As we walked out to the parking lot, the midday sun hit me like a physical blow. I squinted, reaching for my hood.
"So," I said, trying to regain my composure as we walked. "That was a pretty serious ride you had yesterday. I didn't know Oakhaven had a limo service."
Riley adjusted her sunglasses. "Not a service. Just my father’s idea of 'safety.' He doesn't believe in the concept of personal space. That was Marcus, one of his drivers."
"A chauffeur?" Ollie’s eyes widened. "Man, Riley, are you like... a secret princess or something?"
Riley let out a soft, dry laugh, but there was no joy in it. "Hardly. My dad is a senior consultant for some of the firms that handle the town's infrastructure—contracts with the N.E.A. and all that. He’s obsessed with 'the image.' He thinks if I’m seen walking home like a normal person, it makes the family look vulnerable. To him, I’m just a high-stakes investment he can’t afford to lose."

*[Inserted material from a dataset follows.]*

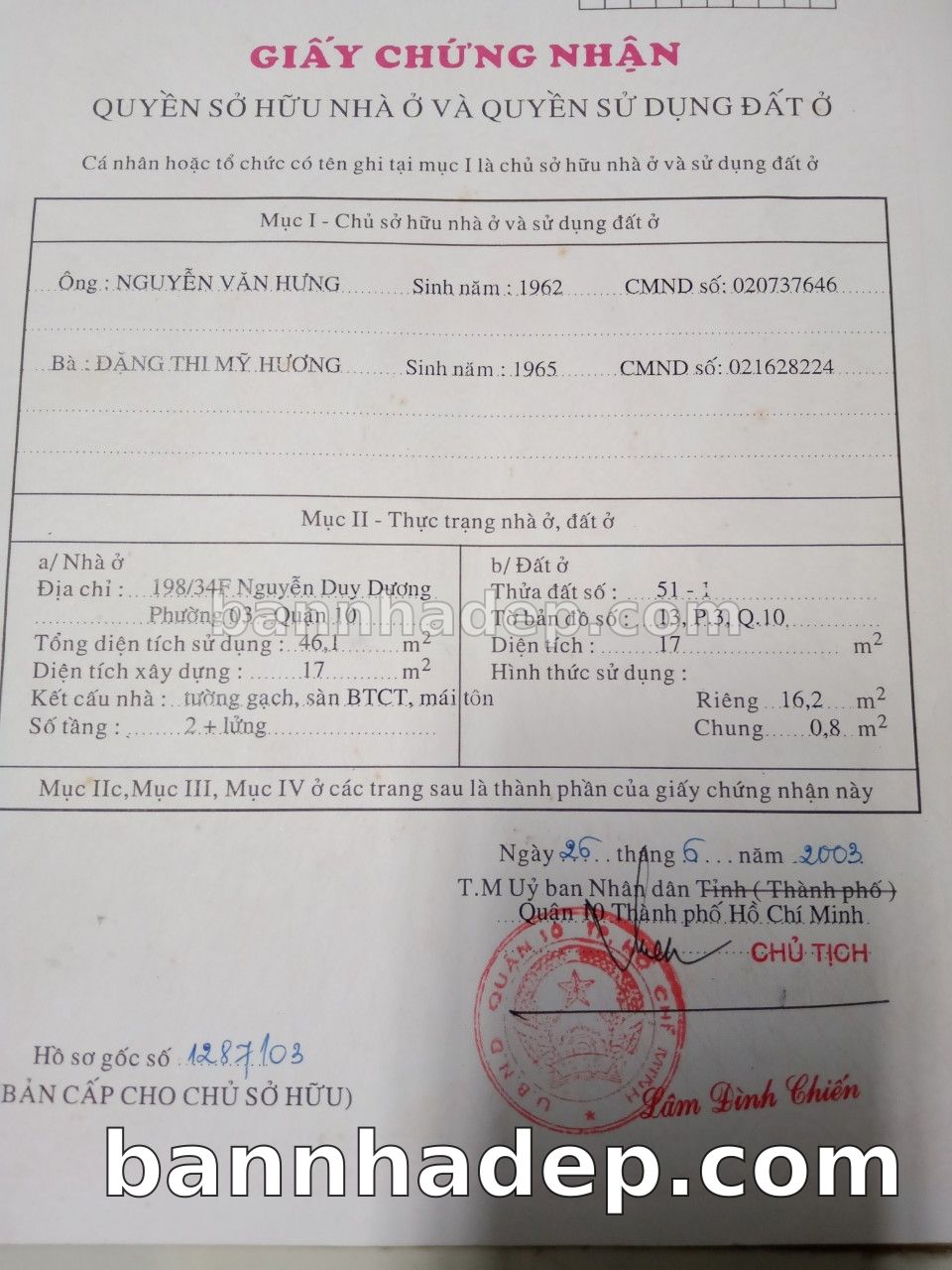 Bán nhà 198/34F Nguyễn Duy Dương phường 03 quận 10

"Investment," I repeated the word under my breath. It was the exact way my father looked at me across the dinner table.
"I get that," I said softly. "The 'not being allowed to be normal' part."

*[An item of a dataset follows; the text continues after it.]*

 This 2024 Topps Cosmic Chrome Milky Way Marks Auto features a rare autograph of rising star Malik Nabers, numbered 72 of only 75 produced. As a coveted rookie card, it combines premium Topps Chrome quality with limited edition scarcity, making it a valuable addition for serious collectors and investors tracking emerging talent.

The Static Coil was a hole-in-the-wall arcade on the edge of the industrial district, far from the polished streets of the town center. It was a dark, chaotic maze of blinking neon and the mechanical clack-clack-clack of old pinball machines. For most people, it was an assault on the senses. For me, it was a sanctuary.
Ollie immediately vanished toward a vintage fighting game, leaving Riley and me at a small, scratched-up booth near the back.
"My dad wants me to go to Princeton," Riley said, leaning forward. The blue light from a nearby machine cast a ghostly glow over her face. "Engineering. He wants me to take over his firm and spend my life calculating 'environmental risks.' He doesn't care what I want. He just wants to make sure I don't 'diverge' from the plan."
"What do you want?" I asked.
"I want to know what it feels like to not be watched," she said. She sighed, looking at her reflection in the dark glass of the arcade machine. "He’s so afraid of anything 'unstable.' He talks about the Echos like they're a plague, but sometimes I think the real plague is the people trying to control everything."
I gripped my soda cup. The plastic crinkled under my fingers. She was saying everything I had ever felt. She made me feel like I wasn't a freak, but a victim of the same overbearing world she lived in.
"He sounds like a lot to handle," I said.
"He's a nightmare," she whispered. "But being here... it’s the first time I’ve felt like the air isn't so heavy."
She reached out, her hand hovering near mine on the table. For the first time, I didn't pull away. I didn't feel the static warning me of a threat. I felt a connection.
Riley Vance’s Perspective (Mental Activation)
Beneath the table, Riley’s fingers twitched. She didn't need to look. She activated the vision for a mere heartbeat. In the grey, monochrome world of her mind, Jace Thorne was glowing. But as she spoke about her 'father,' about her 'loneliness,' she saw the orange flames of his resonance soften. The jagged spikes of his energy were smoothing out, turning into a steady, rhythmic pulse.
He was opening up. The bonfire was letting her in.
She deactivated the vision, her eyes stinging behind her glasses. She took a sip of her drink, her expression perfectly masked in sympathetic sorrow.
"You're lucky, Jace," she said, looking back at the arcade. "You seem so... grounded. I wish I had your control."
I looked at the blue neon light reflecting in her dark glasses. "It’s not luck, Riley," I said, the words slipping out before I could stop them. "It's just practice."
She smiled—a small, predatory thing hidden behind a mask of friendship. "Then maybe you can teach me sometime."